The summer passed uneventfully for the most part; the temperature reached highs of 120 on average and never dropped below 80 at night. Storms were a given; every week on the same night, they were met with high winds and pouring rain and hail stones ranging from marble sized to baseball size, denting the roof and sometimes busting the windows. On a few occasions, wall clouds formed and they watched and waited to see if anything would come out of the clouds, but nothing ever did. On the 4th of July it rained and Methos and Mouth resided on the front porch and tossed lit smoke bombs and firecrackers off the side and watched the explosions in midair and the colored bombs spinning around in the puddles as the water became stained with the colors of the smoke. Then at night they about burnt the whole house down when a large pack of bottle rockets was prematurely lit and came flying back at them.

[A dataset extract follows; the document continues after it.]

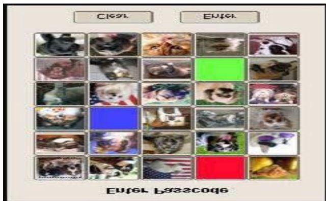
Figure. 1- Cats and dogs photos [5][13]

Jensen et al. [5] proposed a graphical password scheme based on “picture -password ” designed especially for mobile devices such as PDAs. Throughout the password creation, the user has to select the theme first (e.g. sea and shore, cat and dog and etc) which consists of thumbnail photos. The user then selects and registers a sequence of the selected thumbnail photo to form a password (Fig.1). The user needs to recognize and identify the previously seen photos and touch it in the correct sequence using a stylus in order to be authenticated. However, as the numbers of thumbnail photos are limited only to 30, the size of the password space is considered small. A numerical value is assigned for each thumbnail photo and the sequence of selection will produce a numerical password. This numerical password is shorter than the length of textual password. To over-come this problem a user can select one or two thumbnail photos as one single action in order to create and enlarge the size of the password space. However, this will make the memorability of the created password become more complex and difficult.

"I still can't understand how or why you chose to marry my brother," he said to her one day as the two of them wandered around the land as everything became coated in the pink light of the sun setting that evening.
"Neither do I," she replied as she kicked at a rock, "I think it must've been one of those drunk night in Vegas things."
"But why do you stay?" Methos wanted to know.
"Why shouldn't I?" she asked as she turned around to face him, "I've stayed with your brother long enough, we've come to terms with what there is between us, and we've still agreed to stay together…maybe it's just too late in the game for either of us to try and live again."
"You really think that?" he asked her.
"Show me the idiot who said marriage is an institution, I'll show you somebody who never married," Mouth told him, "Marriage isn't an institution, it's an insane asylum."
"Tell me about it," Methos said, "I've done it 68 times."
"Ever to an Immortal?" she asked.
"No," he answered with a shake of his head.
"Why not?"
"Too much responsibility," was his explanation as he walked past her.
"What the hell is that supposed to mean?" Mouth asked.
"I don't know," Methos confessed, "I've been saying that for so long, I don't even remember how or when I started using it."
"So what's the real reason why you never married an Immortal?" she inquired.
"I don't know," Methos said, "Maybe in my own sick twisted way I've gotten used to the idea of just being married for a few years and then starting again."
"Whereas if you're like your brother and I," Mouth told him, "Divorce is out…widowing is out, you're stuck together for life, however long that is."
"We should all be so lucky," Methos commented.
Mouth turned to look at him, "What's that mean?"
"Nothing," he said as he kept his head low, "Come on, let's get back to the house."
Mouth walked behind him and said, "You know, Methos, I have an idea you and I could get along a hell of a lot better if we could get away from those three idiots you call brothers."
"Maybe," Methos considered, and it sounded to Mouth like he planned to say more but instead he turned away and looked around at the land.
"What is it?" she asked as she came up behind him.
For a minute he just stood frozen, staring straight ahead, then he seemed to realize she was talking to him and he turned to her and said, "What? Oh, nothing, come on, they'll be looking for us soon."
Mouth snorted and replied, "That'll be the day."